Вот оно. Ключ. Его интерес был в самом акте творения. Нужно оседлать волну и перенаправить его интерес так, чтобы не потерять его задор.

— Ваше высочество, — ответил я, стараясь не упустить ценнейший момент. — Сила бесполезна, если она заперта в этой мастерской. Прямо сейчас от другой, куда более простой вещи — от обычных телег — зависит исход битвы за Азов. Первая партия из ста комплектов готова и мертвым грузом лежит на складах Адмиралтейства.

Подведя его к столу, я разложил перед ним донесения.

— Здесь хаос. Приказчики ленивые, мастера не все толковые, поставщики срывают сроки. Твой отец всегда готов рубить головы, что, тем не менее, проблему не решит. Нужен хозяин, а не палач. Нужен тот, кто придет и заставит этот механизм работать.

— Ты хочешь, чтобы я… — начал он, и в его голосе прозвучало недоверие.

— Я хочу, чтобы ты доказал своему отцу и самому себе, что тоже способен создавать порядок из хаоса. Строить процесс, именно это важно Государю. Тебе дается власть и полномочия. У тебя есть время, чтобы первая сотня «Степных таранов» была полностью укомплектована, проверена и готова к отправке на юг. Тебе подчиняются и мастера, и приказчики, и интенданты. Доверши порученное тебе дело и получишь власть сына, которого ценит отец. Ты видел что можно и металлом управлять, и паром. Поверь, и интересом отца можно управлять, покажи ему себя.

Он долго молчал. Перед ним было прямое испытание его воли и способностей к управлению. Я, конечно, рисковал, ставя на него такую карту, но другого пути не было. Разумеется, пускать все на самотек я не собирался. В ту же ночь в моей каморке появился капитан Глебов.
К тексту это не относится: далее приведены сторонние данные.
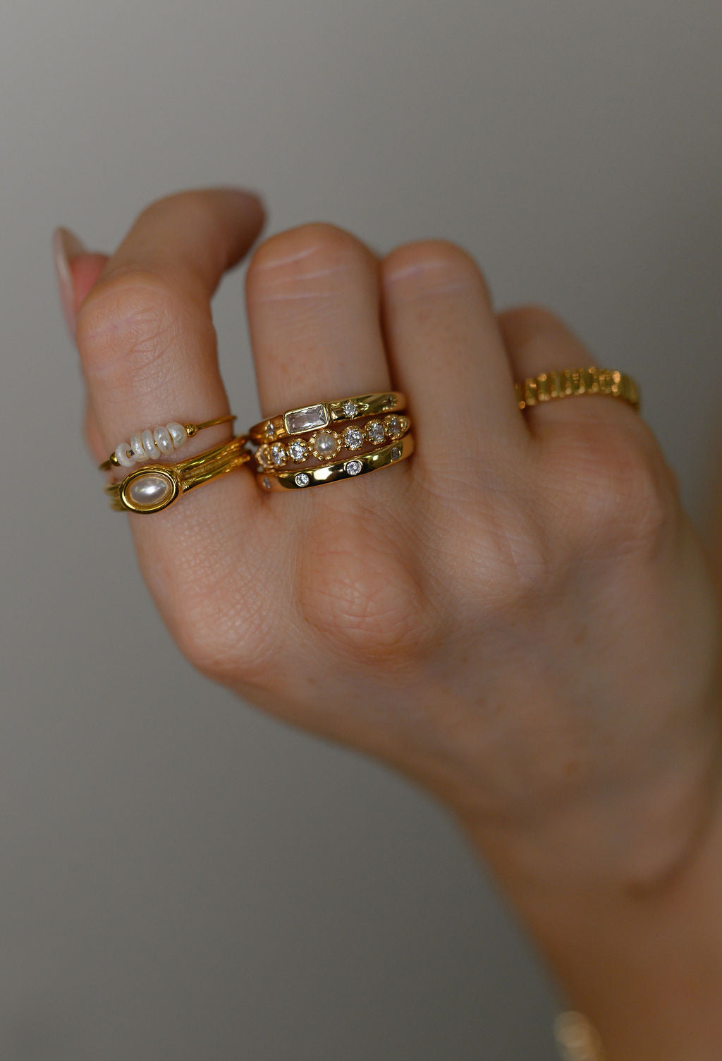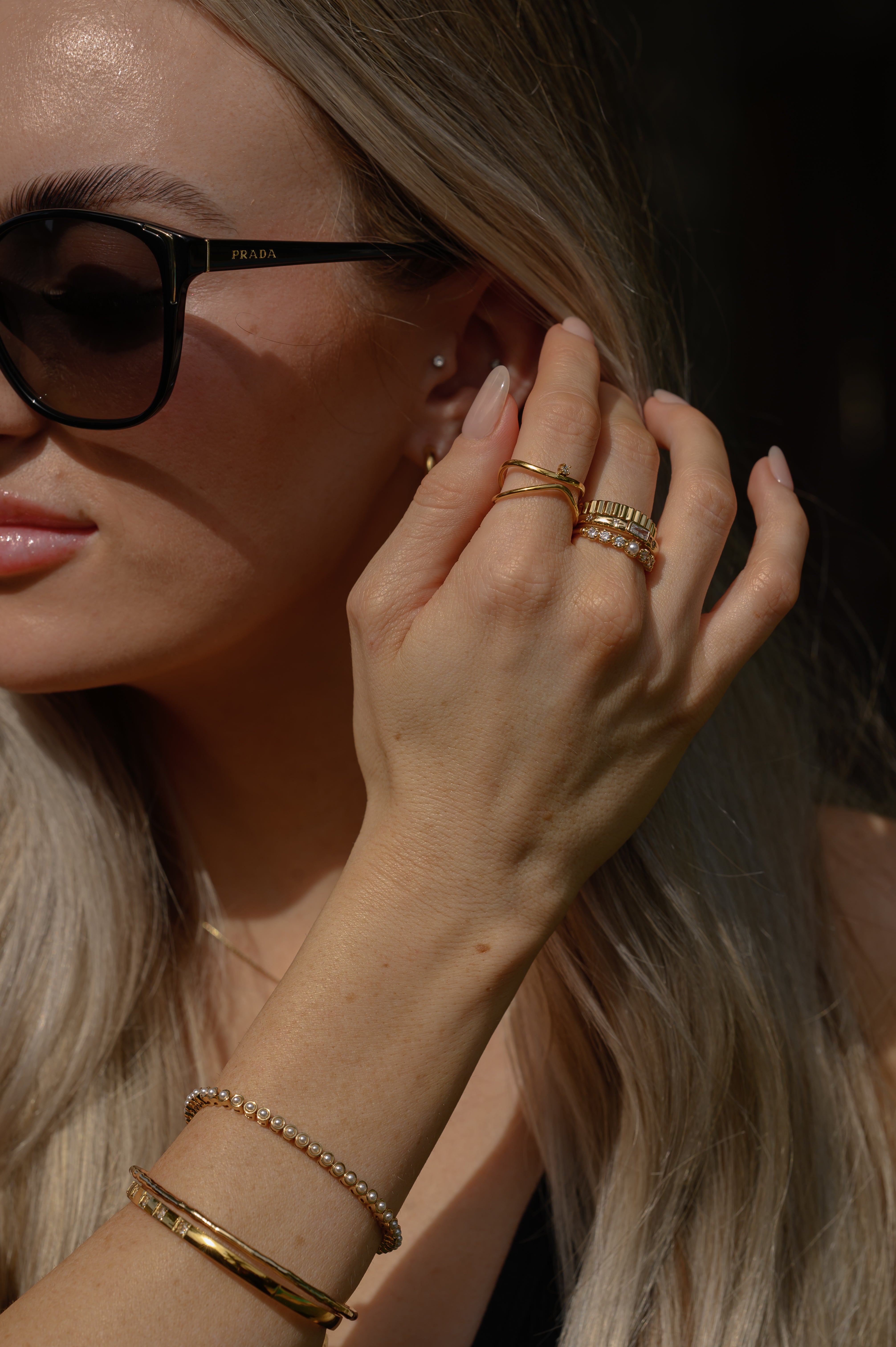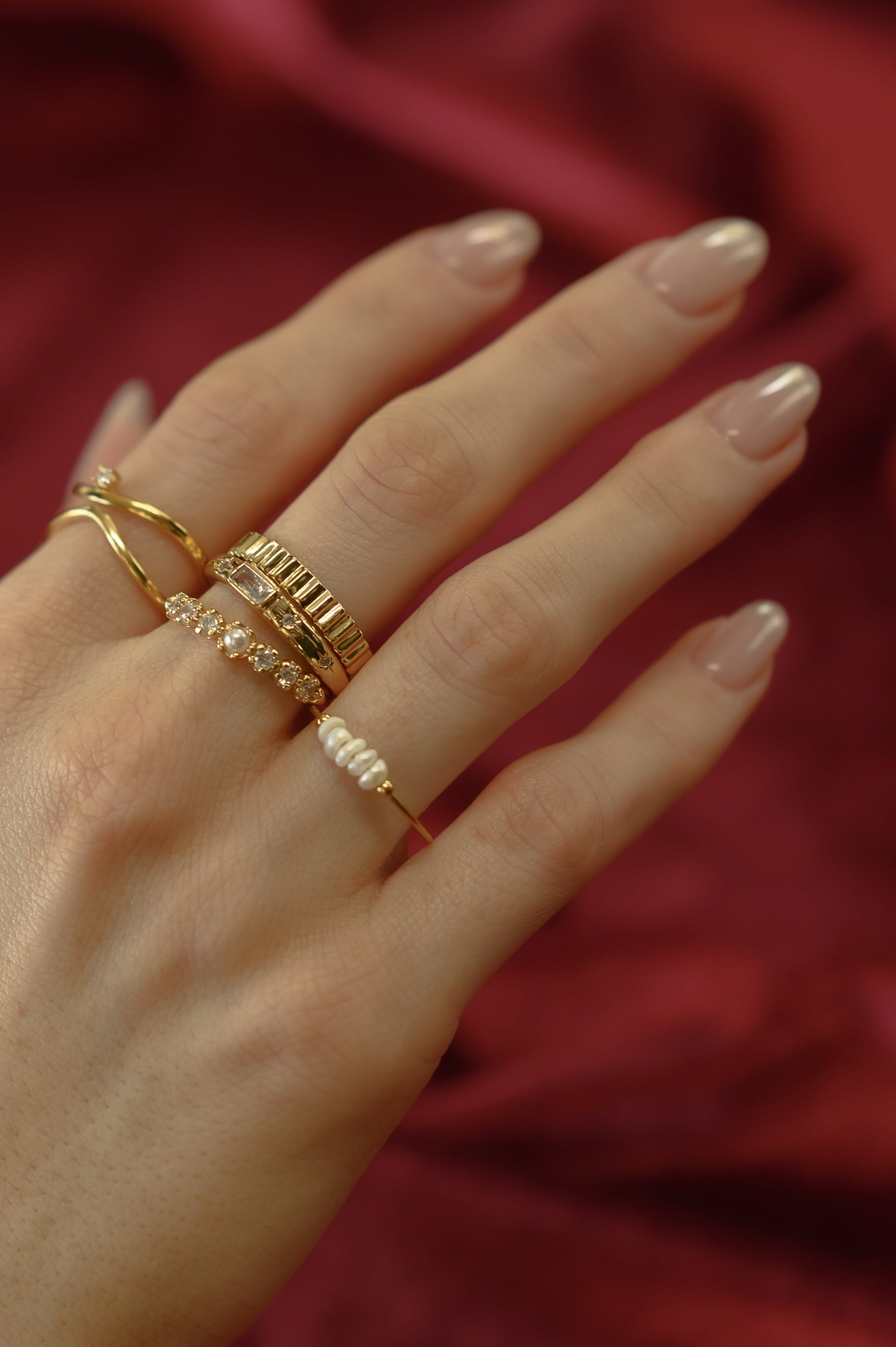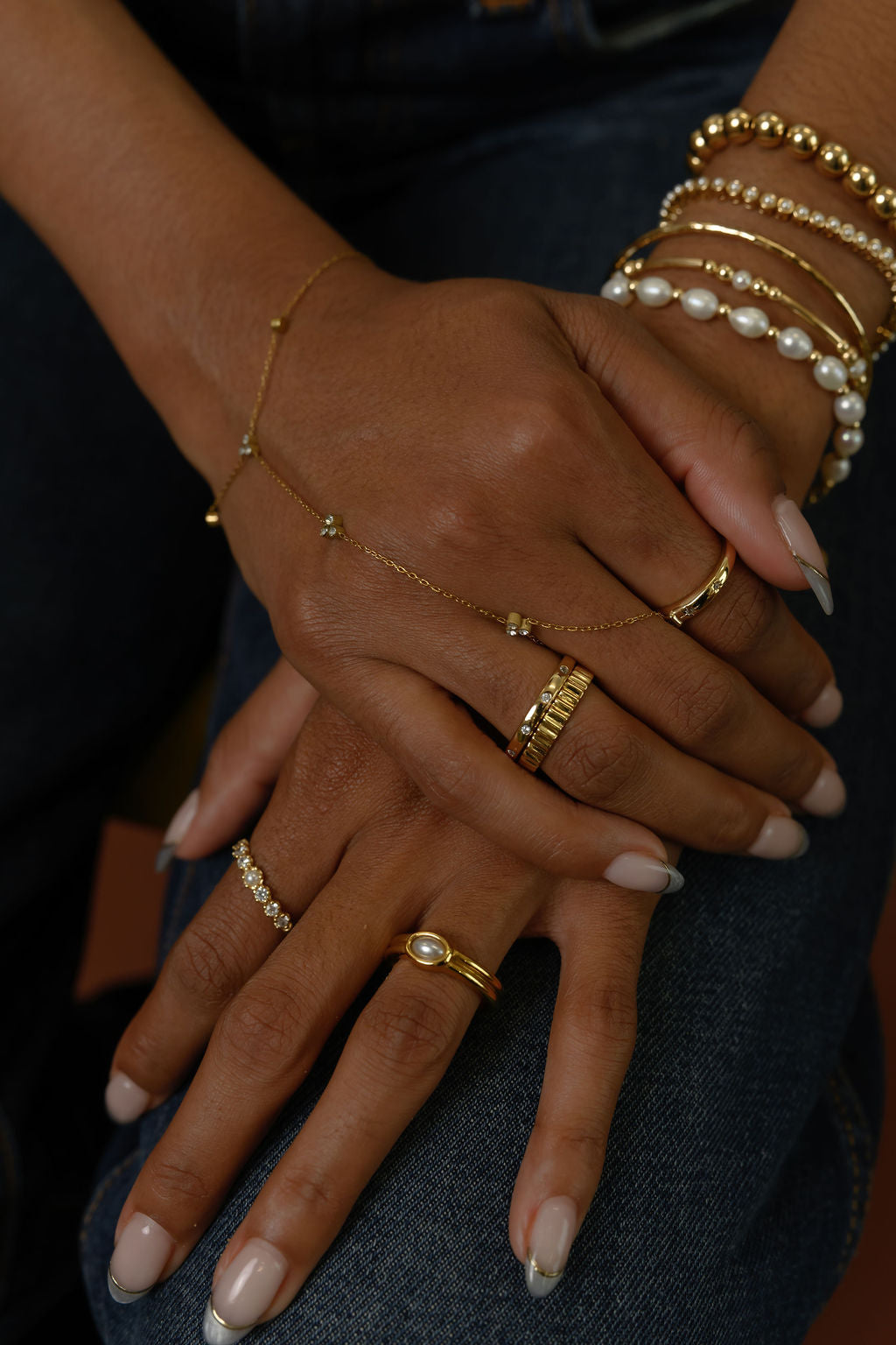 Dazzling stones frame a center freshwater pearl to channel the shape of an opened pearl. The Fleur De Sel Ring is as ethereal as it is feminine.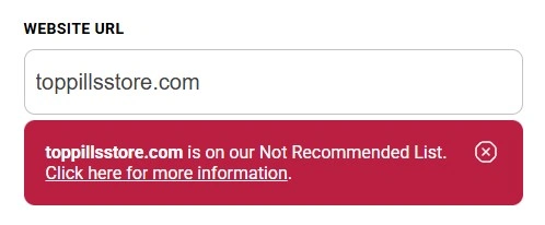 TopPillsStore.com has been classified as a rogue pharmacy by LegitScript.com, confirming that it does not meet regulatory safety standards. It is also listed on the NABP’s “not recommended” list, further proving that it is not a trustworthy source for purchasing medications.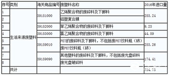 2017年底前调整为禁止进口的生活来源废塑料目录及2016年进口量情况

— Отбираешь десяток самых толковых преображенцев, — тихо сказал я ему. — С завтрашнего дня вы — простые рабочие в адмиралтейских мастерских. Задача — быть моими глазами и ушами. Наблюдать за царевичем. Не вмешиваться, не помогать, если только не случится прямой угрозы. Докладывать мне обо всем. И еще… если увидишь, что дело совсем идет к провалу, что он не справляется и мы рискуем сорвать поставку, — ты, твои люди, должны быть готовы за одну ночь исправить все его ошибки. Тайно. Чтобы к утру все было готово. Докладывай мне, если будут сложности. И да, он об этом знать не должен. Понял?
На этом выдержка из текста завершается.